Microsoft has recently made significant breakthroughs in the AI field, open-sourcing an AI agent reasoning model called rStar2-Agent. This model uses an innovative agent reinforcement learning approach. Surprisingly, despite having only 14 billion parameters, it achieved an accuracy of 80.6% on the AIME24 math reasoning test, surpassing DeepSeek-R1 with 671 billion parameters (79.8%). This performance has led people to reevaluate the relationship between model parameter size and performance.

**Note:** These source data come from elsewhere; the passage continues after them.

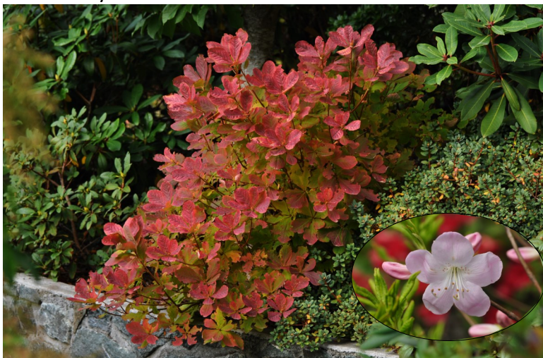
R. schlippenbachii
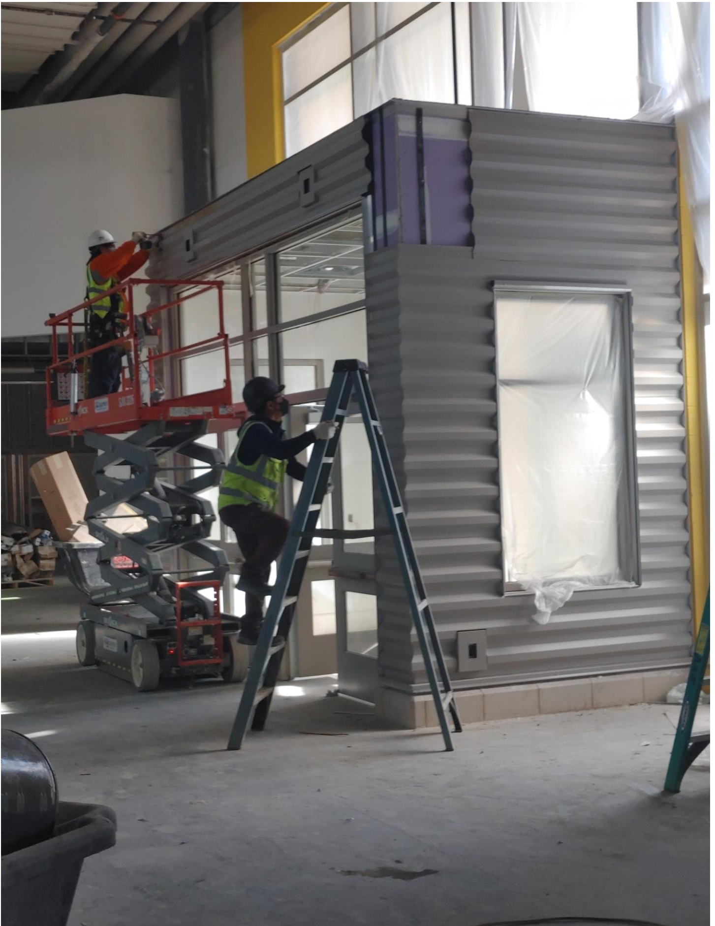
Photo 6 - Metal Panels are being installed in Area C.
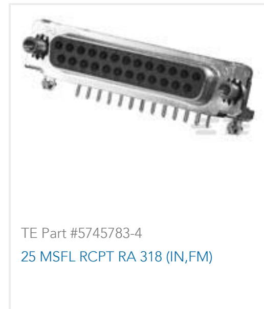
TE Part #5745783-4 25 MSFL RCPT RA 318 (IN,FM)
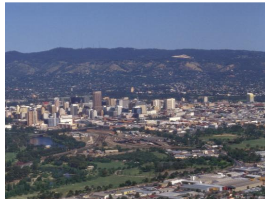
Image 5 Adelaide 2009
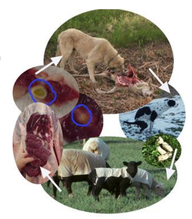
Figure 3: Ovine Cysticercosis life cycle.

Cysticercosis is transmitted to sheep eating forages contaminated with tapeworm eggs shed by dogs and coyotes via their feces. The infective larvae penetrate the intestinal wall and are transported by blood to the heart and muscles. It takes about 56 days for the cysts to develop in the sheep and about 7 weeks for the tapeworm to develop in the dog. In the case of muscular cysticercosis, the larvae form cysts in the heart, diaphragm, masseter (cheek) and other muscles.
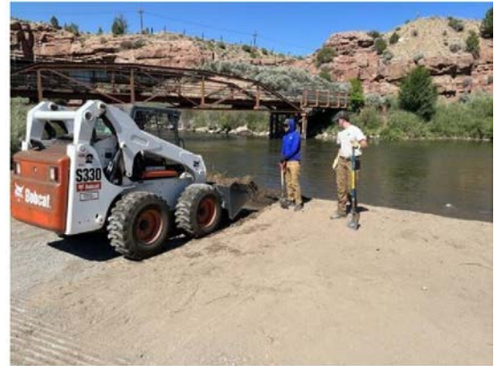
Recreation Site Maintenance

In addition to its excellent performance in math reasoning tasks, rStar2-Agent also shows remarkable results in other fields. On the GPQA-Diamond science reasoning benchmark, the model achieved an accuracy of 60.9%, surpassing DeepSeek-V3's 59.1%; on the BFCL v3 agent tool usage task, its task completion rate reached 60.8%, also higher than DeepSeek-V3's 57.6%. These data indicate that rStar2-Agent demonstrates strong generalization capabilities across various tasks.

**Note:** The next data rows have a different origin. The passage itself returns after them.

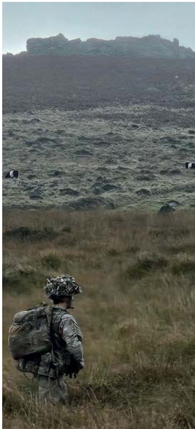
A 6 SCOTS soldier patrols in the wilderness of Dartmoor

Week two featured a live-firing package, giving soldiers the chance to fire rifle, pistol, and GPMG. The Exercise was set to finish with a march and shoot, but Dartmoor had other plans—the famous fog and bad weather rolled in, turning it into a march and march instead. Despite the conditions, morale stayed high, and the Battalion wrapped up a challenging but rewarding ADE
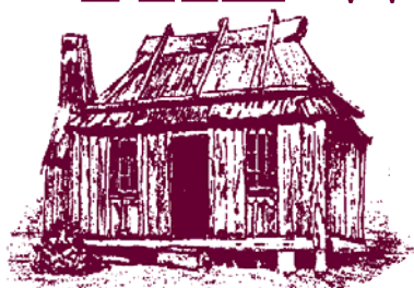
School House 1880

Windellama Progress Association Hall Inc. Vol. 14 no. 9 - October 2010
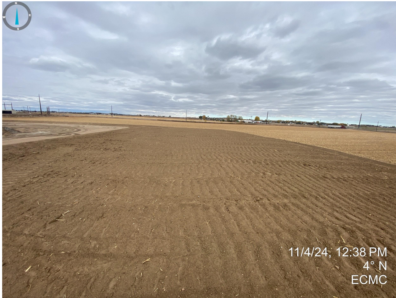
Photo 14. Top portion of the topsoil stockpile. It appears that the stockpile has been equipment tracked for short term stabilization.
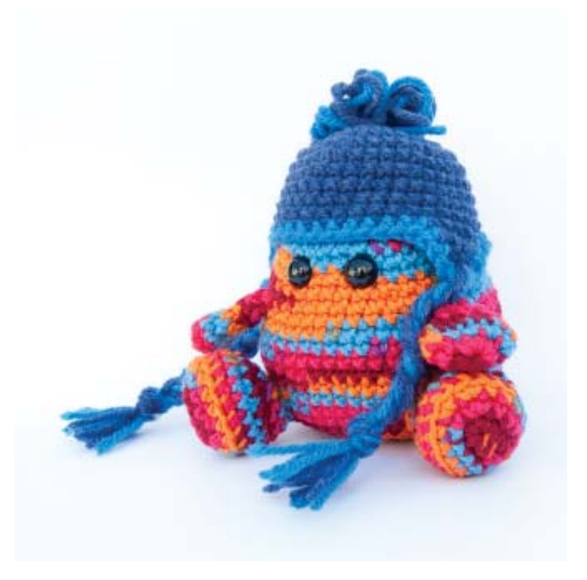
Thing Pattern (Free Download)

For fun patterns to use with this hat, visit my website at: www.itsybitsyspidercrochet.com

To achieve this breakthrough, Microsoft made three innovations in training infrastructure, algorithms, and training processes. First, in terms of infrastructure, Microsoft built an efficient isolated code execution service that can quickly process a large number of training requests, supporting up to 45,000 concurrent tool calls per training step, with an average latency of only 0.3 seconds. Second, Microsoft proposed a new GRPO-RoC algorithm, which improves the model's accuracy and efficiency during reasoning through effective reward mechanisms and algorithm optimization. Finally, rStar2-Agent designed an efficient training process called "non-reasoning fine-tuning + multi-stage reinforcement learning" to ensure steady improvement of the model at each stage.
This series of technological breakthroughs has enabled rStar2-Agent to stand out in the AI agent field and has opened up new directions for future research and applications of intelligent agents.

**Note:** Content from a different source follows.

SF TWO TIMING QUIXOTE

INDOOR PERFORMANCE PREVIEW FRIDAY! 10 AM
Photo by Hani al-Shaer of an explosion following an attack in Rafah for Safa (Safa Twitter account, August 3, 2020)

Open source address: https://github.com/microsoft/rStar
Key points:
🌟 The rStar2-Agent model has only 14 billion parameters but achieved an accuracy of 80.6% in math reasoning tests, surpassing DeepSeek-R1 with 671 billion parameters.
🔧 Microsoft made innovations in infrastructure, algorithms, and training processes to ensure efficient training and outstanding performance of the model.
📊 rStar2-Agent performs well in science reasoning and tool usage tasks, demonstrating strong generalization capabilities.